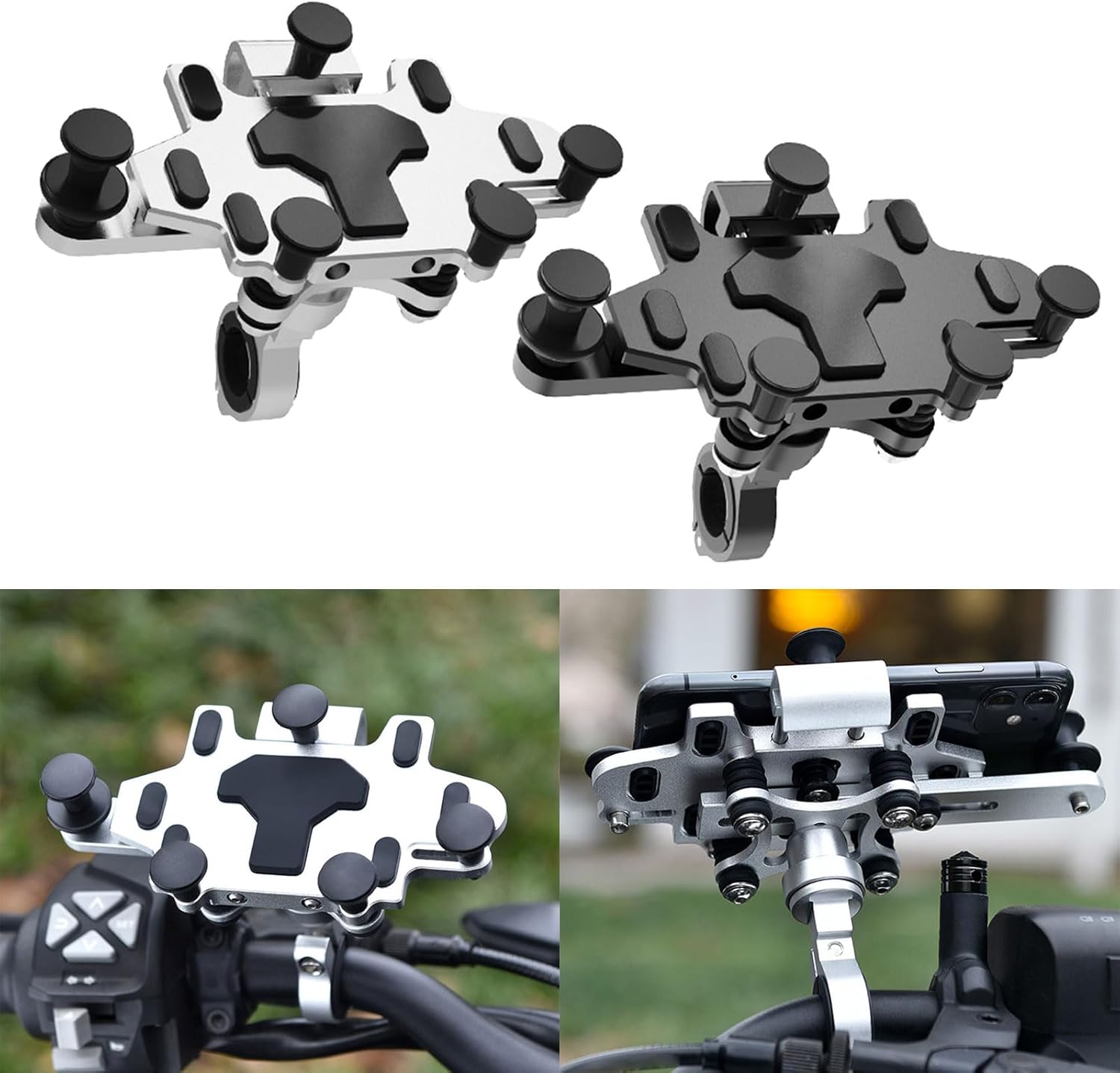 Aluminum Alloys Bike Phone Holder Motorcycles Handlebars Phone Mount Clip for Electric Bike, Mountain Bike, MotorcycleFeatures:Make of aluminum alloys materials, strong and enduring, rustproof, fading.The silicone will not cause damage to machine, and the soft rubber protects the back of the phone and the surrounding from frictions.360+180 degree 3D rotation, adjustable viewing angles, bidirectional adjustable tilts angles, meeting different use needs stable and firm, not easy to loosens. When used, the screen information is not obstructed, making cycling operations more 5 locking fixation, wild flipping without falling down, firm clamping, suitable for various complex road conditions. Specifications:Materials: Aluminum Alloys , soft rubber, ABSStyles: Silver/BlackSize: about 16x9.5x11.50cm/6.3x3.74x4.53inchPackage Includes:1pc Bike Phone HolderNote:Please allow 1-2cm errors due to manual measurement, make surely that you not mind before order. Due to difference between different monitors, the picture may not reflect the actual color.
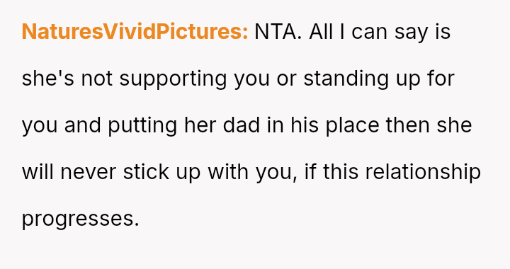 The OP is currently facing significant relationship stress because his need for respect clashed directly with his girlfriend's apparent desire to maintain peace by ignoring her father's inappropriate behavior.
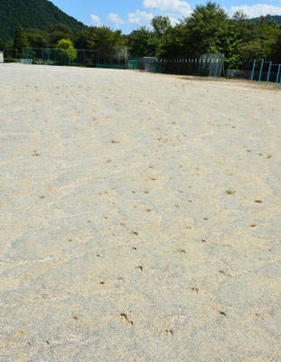 その後校庭を突っ切って次の目標を求めて歩いたわけですがその際、無数の動物の足跡が⑤。
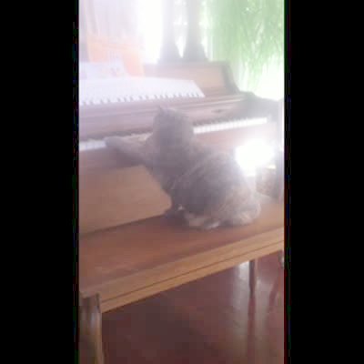 A fat cat sits indoors on a piano bench and plays the piano - first with one paw, then two.

### [What to do]
What you return must match the material above exactly, apart from its pictures.

### [Result for this exercise]
 Aluminum Alloys Bike Phone Holder Motorcycles Handlebars Phone Mount Clip for Electric Bike, Mountain Bike, MotorcycleFeatures:Make of aluminum alloys materials, strong and enduring, rustproof, fading.The silicone will not cause damage to machine, and the soft rubber protects the back of the phone and the surrounding from frictions.360+180 degree 3D rotation, adjustable viewing angles, bidirectional adjustable tilts angles, meeting different use needs stable and firm, not easy to loosens. When used, the screen information is not obstructed, making cycling operations more 5 locking fixation, wild flipping without falling down, firm clamping, suitable for various complex road conditions. Specifications:Materials: Aluminum Alloys , soft rubber, ABSStyles: Silver/BlackSize: about 16x9.5x11.50cm/6.3x3.74x4.53inchPackage Includes:1pc Bike Phone HolderNote:Please allow 1-2cm errors due to manual measurement, make surely that you not mind before order. Due to difference between different monitors, the picture may not reflect the actual color.
 The OP is currently facing significant relationship stress because his need for respect clashed directly with his girlfriend's apparent desire to maintain peace by ignoring her father's inappropriate behavior.
 その後校庭を突っ切って次の目標を求めて歩いたわけですがその際、無数の動物の足跡が⑤。
 A fat cat sits indoors on a piano bench and plays the piano - first with one paw, then two.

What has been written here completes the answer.